This opinion is being furnished in accordance with the
requirements of Item 16 of Form S-3 and Item 601(b)(5)(i) of Regulation S-B.
We have reviewed the Company's Certificate of Incorporation,
as amended, the Company's Bylaws, as amended, the corporate proceedings taken by
the Company in connection with the original issuance and sale of the Shares and
a certificate of a Company officer regarding the issuance and sale of the
Shares.
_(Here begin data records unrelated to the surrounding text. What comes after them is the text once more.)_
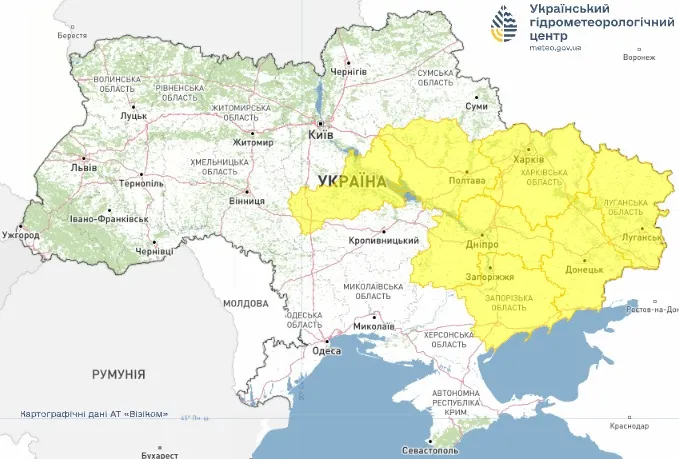 Объявлен первый (желтый) уровень опасности. Об этом сообщили в Укргидрометцентре, передает 24 Канал.
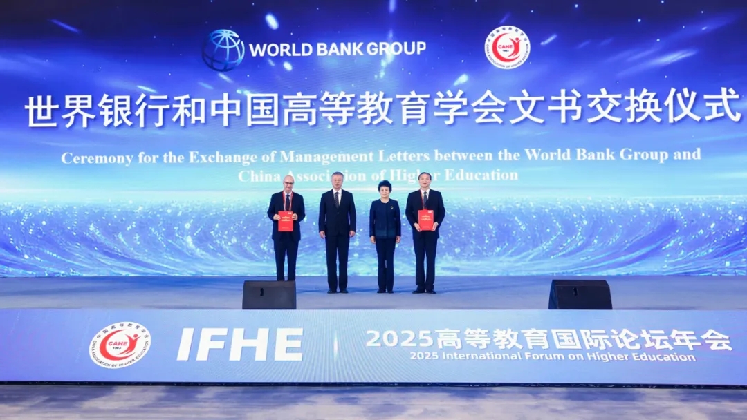 開幕式上,任友群、林蕙青見證學(xué)會(huì)與世界銀行交換文書。
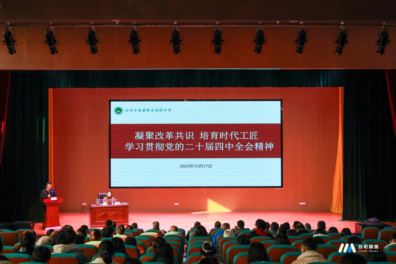 12月17日下午,自贡职业技术学院在学术报告厅3018成功举办党的二十届四中全会精神专题学习讲座。讲座特邀中共自贡市委党校徐琦老师担任主讲,学校执行校长杨林主持。全体校领导、中层干部及教职工共计400余人到场参加学习。
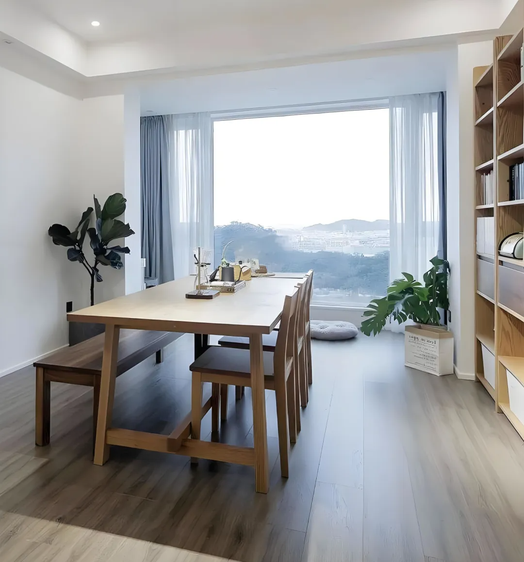 第3个我认为超棒的决定就是做了一个可折叠的工作台,家里没有书房但又要满足办公和打游戏需求,同时还要防止孩子弄坏电脑。于是就通过一面墙“偷了”一个功能区。平时将它拉下来,桌面台板合上就是一面柜墙,没有人能看出。需要用的时候打开,再搭配餐厅里的餐桌,这个地方就是工作区,实现了职住一体化设计。
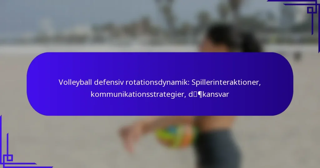I volleyball afhænger de defensive rotationsdynamikker af nøglespillerinteraktioner, hvor kommunikation og positionering spiller vitale roller. At forstå individuelle dækansvar er essentielt for effektivt teamwork, hvilket gør det muligt for spillerne at støtte hinanden og tilpasse sig det hurtige tempo i spillet. Ved at fremme klar kommunikation kan hold forbedre deres defensive strategier og opretholde robust dækning på banen. Key sections in the article: Toggle Hvad er de nøgleinteraktioner mellem spillere under defensive rotationer? Roller for hver spiller i defensiv positionering…

Based on such review, we are of the opinion that (1) the Shares (other
than Shares issuable upon the exercise of options or warrants) are duly
authorized, legally issued, and, to our knowledge, are fully paid and
non-assessable; and (2) the Shares issuable upon exercise of options or
warrants, if, as and when issued by the Company, are duly authorized and, upon
exercise thereof in the manner and for the consideration expressed in such
options or warrants, will be legally issued, fully paid and non-assessable.
We consent to the filing of this opinion as Exhibit 5.1 to the
Registration Statement and to the reference to this firm under the caption
"Legal Matters" in the prospectus which is part of the Registration Statement.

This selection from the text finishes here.